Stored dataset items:
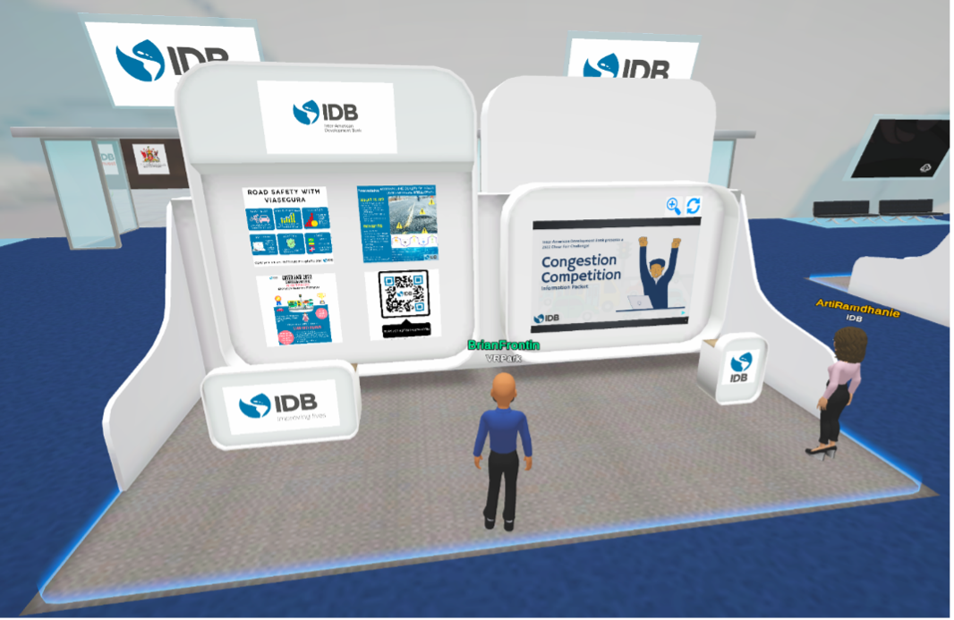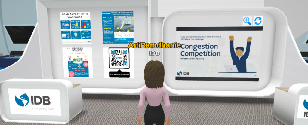 Para la feria se creó una maqueta virtual con salas de reuniones, parques al aire libre y salas de exhibición para que todos los invitados la visitaran. Los asistentes virtuales también incluyeron contrapartes de agencias gubernamentales de Trinidad y Tobago. El BID también creó un stand virtual en la sala de exposiciones donde los niños y otras partes interesadas podían aprender más sobre las soluciones digitales desarrolladas por el equipo, comoViaSegurayPavimentados.
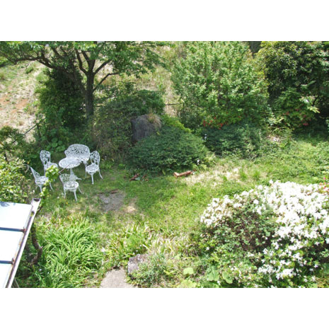 バルコニー部分から階段を降りると庭がある。ぜひ、この小じんまりとしたスペースを有効活用していただきたい。しっかりとした木を見つけてブランコやハンモックなどを下げてもいいし、お気に入りの椅子を置いて日向ぼっこをしてもいいかもしれない。仲間が集まったら、ここでイベントを開いても楽しめるかも。
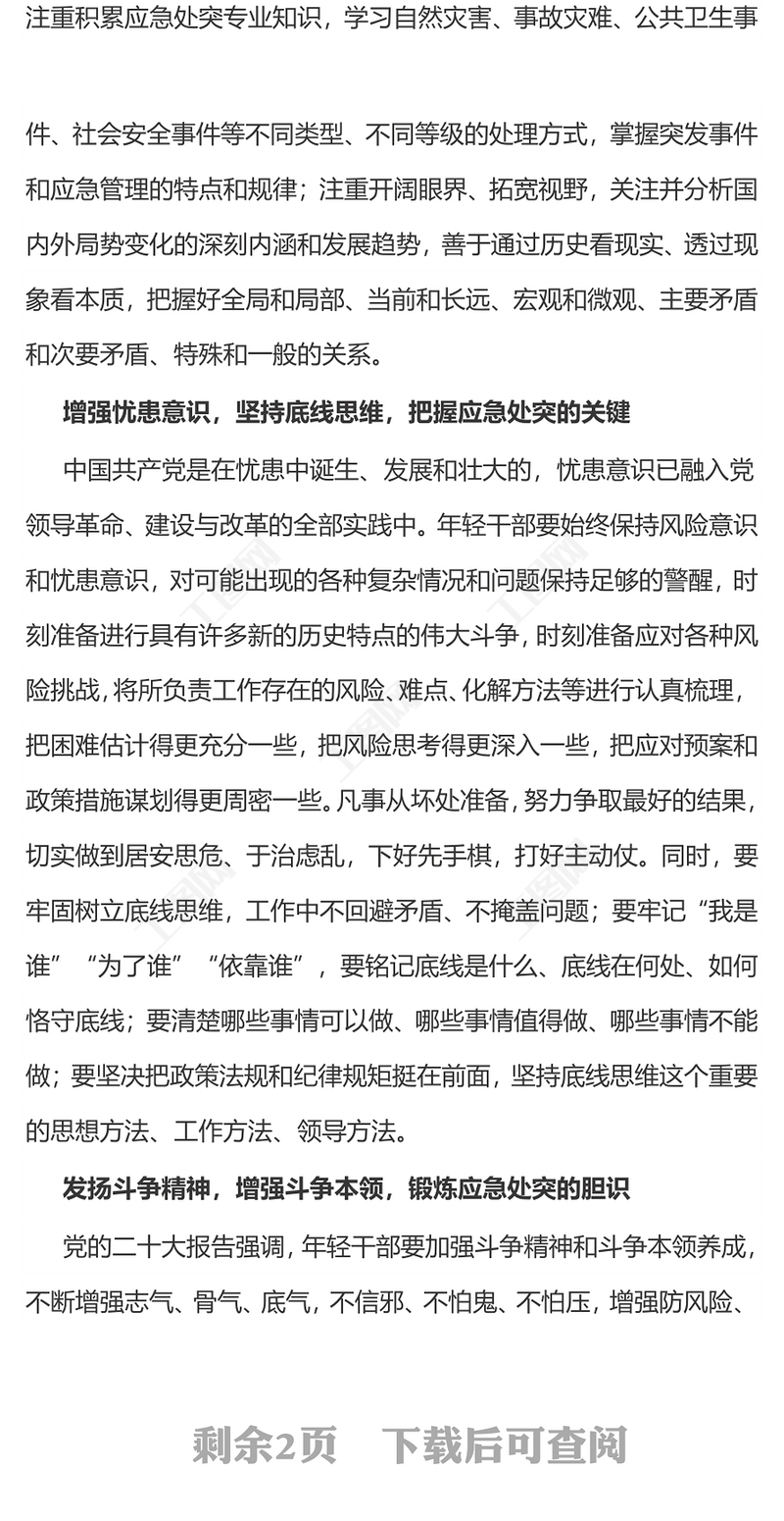 提升年輕干部應(yīng)急處突能力PPT大氣精美牢固樹立風(fēng)險意識勇?lián)?dāng)善作為微黨課(講稿) Array
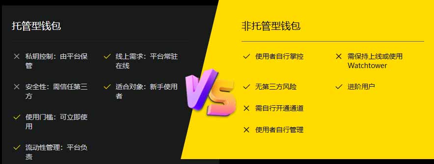 托管钱包(Custodial Wallets)类似于银行存管模式。 服务商代为管理私钥及信道流动性,用户需信任其资金安全。此类钱包大幅降低了使用门槛,新用户无需理解复杂的信道管理即可立即进行交易,体验最为便捷。
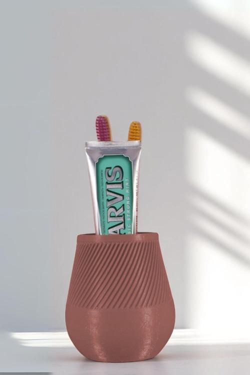 Bu diş fırçalığı, sadece banyoda değil, evinizin ve ofisinizin farklı köşelerinde de estetik bir fırçalık görevi görebilir.
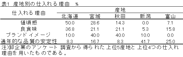 1) 卸企業の米を仕入れる理由は「良食味」が最も多く、次いで「値頃感」、「通年的な品質の安定性」、「ブランドイメージ」があげられ、この理由と産地には密接な関係があった(図1)。
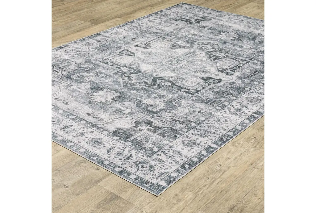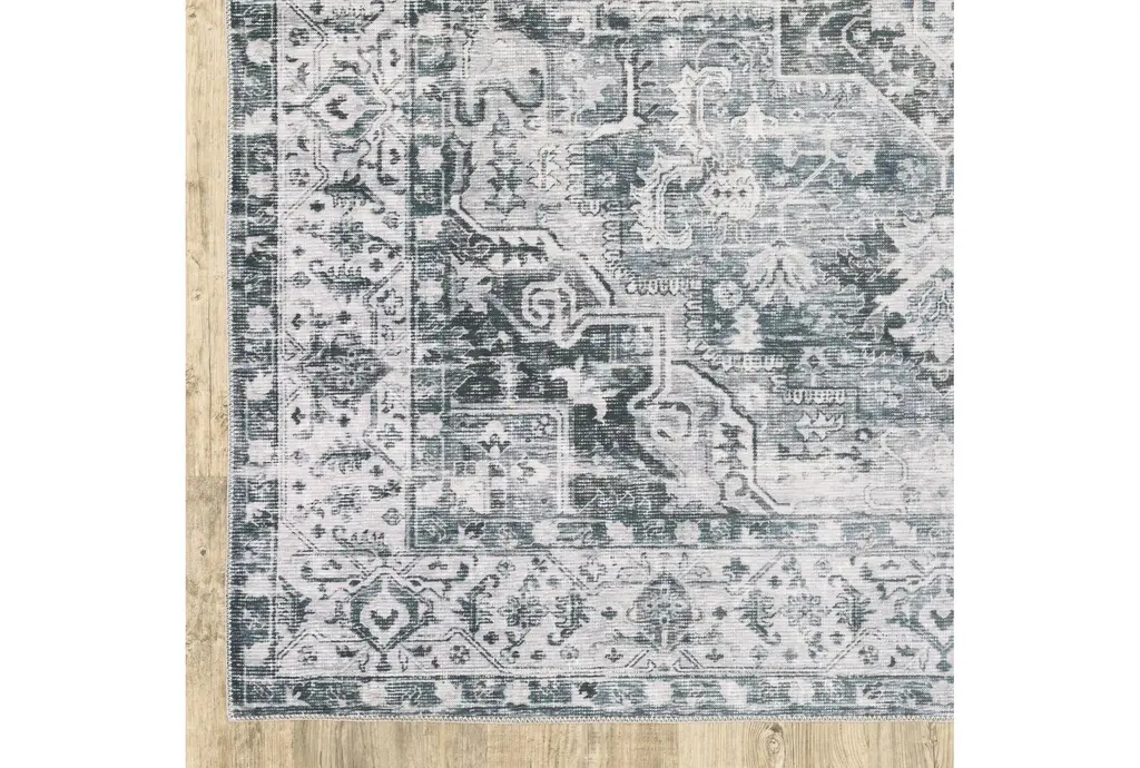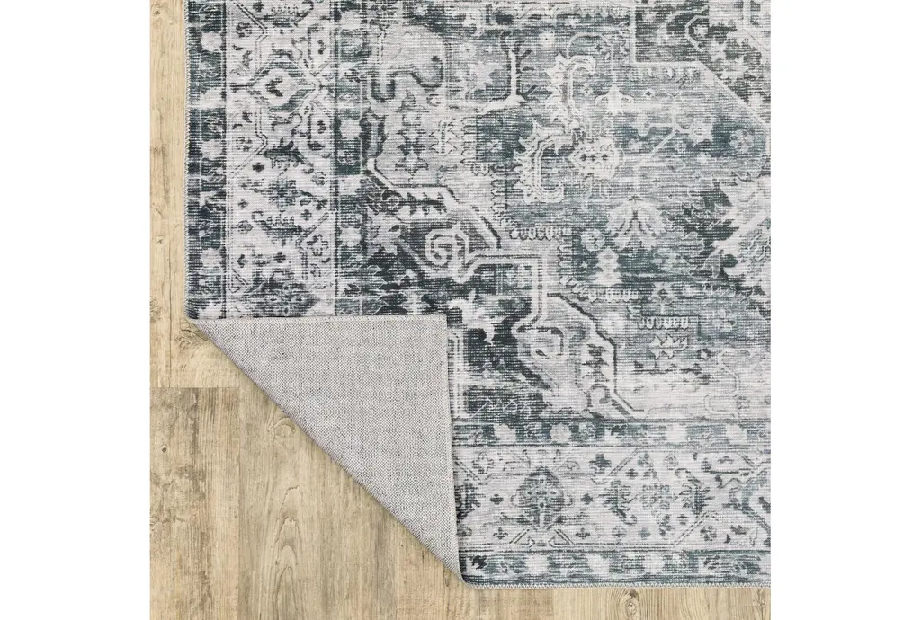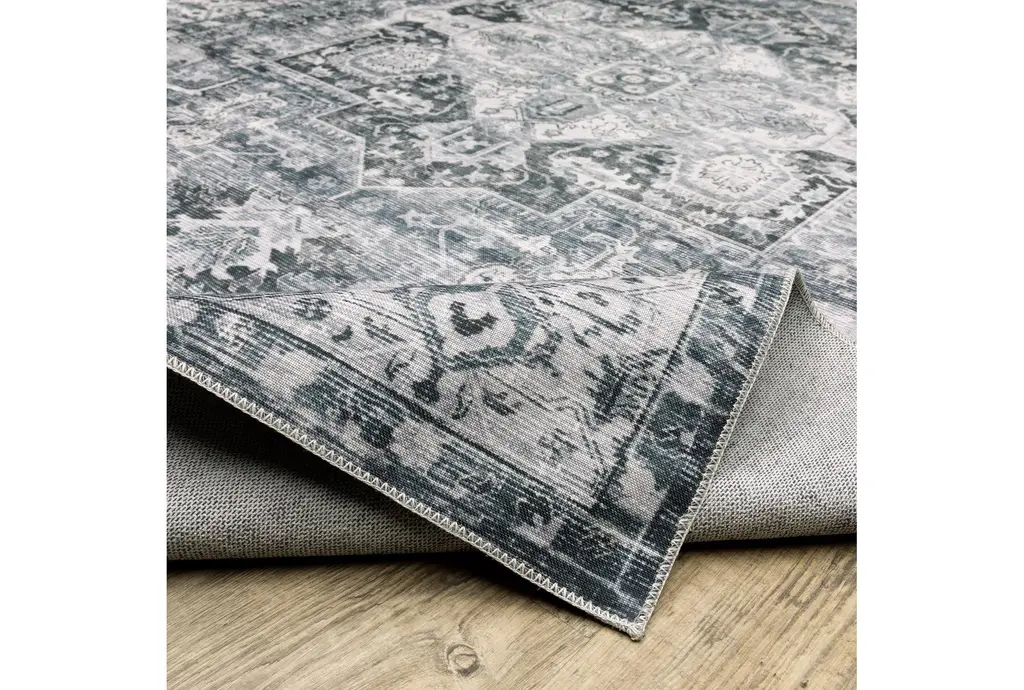 7'5"x10' Rug-Shem Creek Traditional Botanical Machine Washable Medallion Grey | Uv Resistant | Non Slip | Performance | Rectangle

> What you are asked to do
Write the records out again exactly as shown above, keeping no pictures.

> Task response
 Para la feria se creó una maqueta virtual con salas de reuniones, parques al aire libre y salas de exhibición para que todos los invitados la visitaran. Los asistentes virtuales también incluyeron contrapartes de agencias gubernamentales de Trinidad y Tobago. El BID también creó un stand virtual en la sala de exposiciones donde los niños y otras partes interesadas podían aprender más sobre las soluciones digitales desarrolladas por el equipo, comoViaSegurayPavimentados.
 バルコニー部分から階段を降りると庭がある。ぜひ、この小じんまりとしたスペースを有効活用していただきたい。しっかりとした木を見つけてブランコやハンモックなどを下げてもいいし、お気に入りの椅子を置いて日向ぼっこをしてもいいかもしれない。仲間が集まったら、ここでイベントを開いても楽しめるかも。
 提升年輕干部應(yīng)急處突能力PPT大氣精美牢固樹立風(fēng)險意識勇?lián)?dāng)善作為微黨課(講稿) Array
 托管钱包(Custodial Wallets)类似于银行存管模式。 服务商代为管理私钥及信道流动性,用户需信任其资金安全。此类钱包大幅降低了使用门槛,新用户无需理解复杂的信道管理即可立即进行交易,体验最为便捷。
 Bu diş fırçalığı, sadece banyoda değil, evinizin ve ofisinizin farklı köşelerinde de estetik bir fırçalık görevi görebilir.
 1) 卸企業の米を仕入れる理由は「良食味」が最も多く、次いで「値頃感」、「通年的な品質の安定性」、「ブランドイメージ」があげられ、この理由と産地には密接な関係があった(図1)。
 7'5"x10' Rug-Shem Creek Traditional Botanical Machine Washable Medallion Grey | Uv Resistant | Non Slip | Performance | Rectangle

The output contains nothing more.